My heart lies in writing about men’s health. I am a daughter, wife, sister, and mother. I write for patients, and consider my mission to be that of a patient advocate. I don’t write to please doctors or suck up to other science writers. Instead, I write for the typical person who goes to the doctor. For people like my parents, who have both had cancer and heart problems. Maybe, for people like you. Maybe you glaze over when a doctor is explaining something and you need to have something repeated or explained better. Maybe you’re so ticked off by all the paperwork and insurance that you didn’t pay attention to what was being said in the examining room. Maybe there’s stuff out there that you need to know, and you haven’t heard it yet. Whatever the case, you need information you can trust, told in an easy-to-understand way. I started this blog because it gives me a chance to interpret what I’ve been writing about, to talk about it with the people who could benefit from it the most.
Why Vital Jake?
It is not easy to come up with a domain name these days. I tried so many different combinations of names and phrases, and they were all taken. So I had to get creative.
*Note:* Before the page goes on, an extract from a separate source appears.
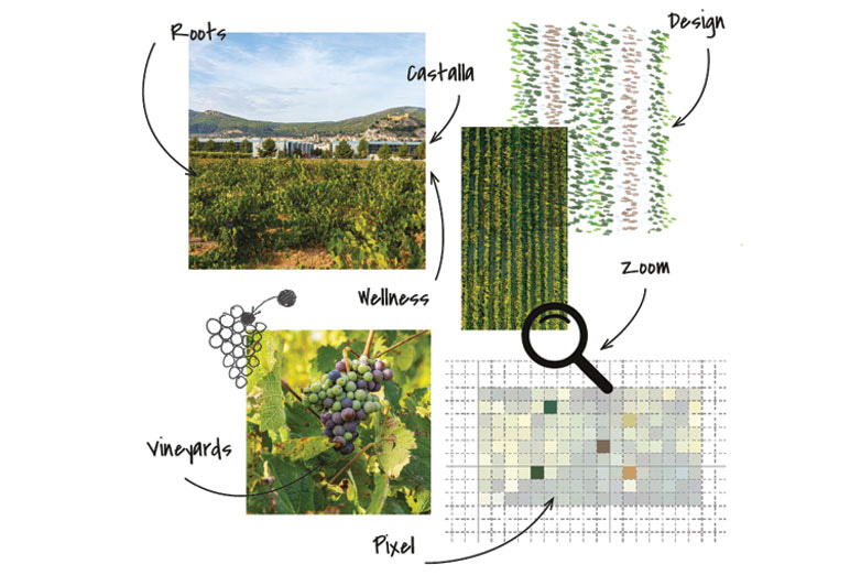 El píxel, una minúscula unidad de información visual, aparentemente insignificante por sí sola, se transforma cuando se une, formando imágenes asombrosas y significativas. De manera similar, en los viñedos, las uvas individuales pueden parecer simples, pero cuando se combinan, crean vinos exquisitos. La importancia de cada detalle, ya sea un píxel en un diseño o una uva en un viñedo, y cómo, cuando se unen, crean algo hermoso y completo.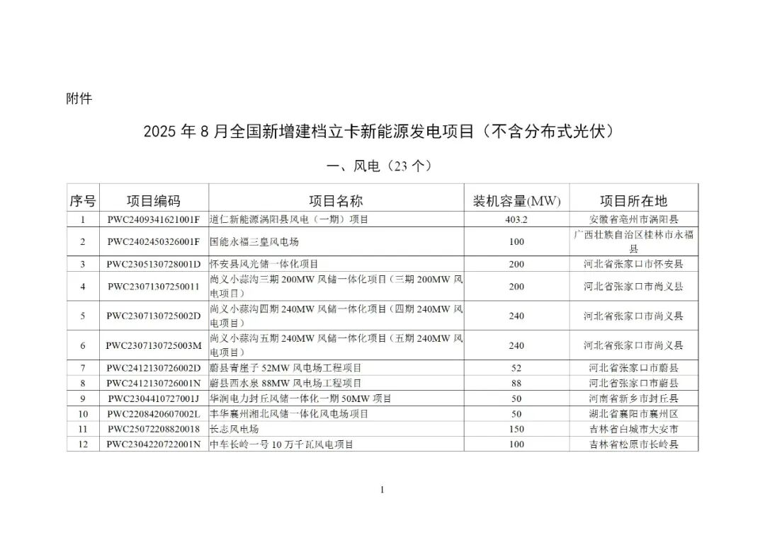 2025年8月,全国新增建档立卡新能源发电(不含户用光伏)项目共8658个,其中风电项目23个,光伏发电项目8624个(集中式光伏发电项目50个,工商业分布式光伏发电项目8574个),生物质发电项目11个。风电、集中式光伏发电、生物质发电项目清单见附件,工商业分布式光伏发电项目清单详见可再生能源发电项目信息管理平台网站(网址https://jdlk.renewable.org.cn/card-info-sheet/)。

Vital – well, that’s easy; if you are vital you are full of life, and vigor, and energy, and health. Jake – that’s easy, too. Jake was the greatest dog ever. My husband, Mark, and I adopted him from the mean streets of East Baltimore, when I worked as the editor of Hopkins Medical News magazine and Mark did his internship and residency in internal medicine and fellowships in gastroenterology and molecular biology at Johns Hopkins Hospital. Jake was probably around three years old when we got him – a big, tough-looking mix of Black Lab and German Shepherd, with the proverbial heart of gold. We don’t know how old Jake was when he died, but he was at least 16. All his life, although Jake was as noble and gentle as you could imagine with us and our kids, and with patients at the nursing home where we went as volunteers for Pets on Wheels, he never took any guff from any dog, no matter what size. Even at the end of his life, when he had terrible arthritis in his back legs, he didn’t let that stop him. On the strength of his powerful front legs, he would charge across the field to the neighbor’s fenced-in yard, where there were four dogs, all bigger than he was, including a giant Great Pyrenees. Then, every day, he would poop through the fence! We were so proud of him. The neighbor was so proud of him, too. So, this is what I hope for you: vitality and strength. A sense of humor never hurts, either. Speaking of humor, I have another blog: janetfarrarworthington.com. That one is different; mainly just funny observations about life.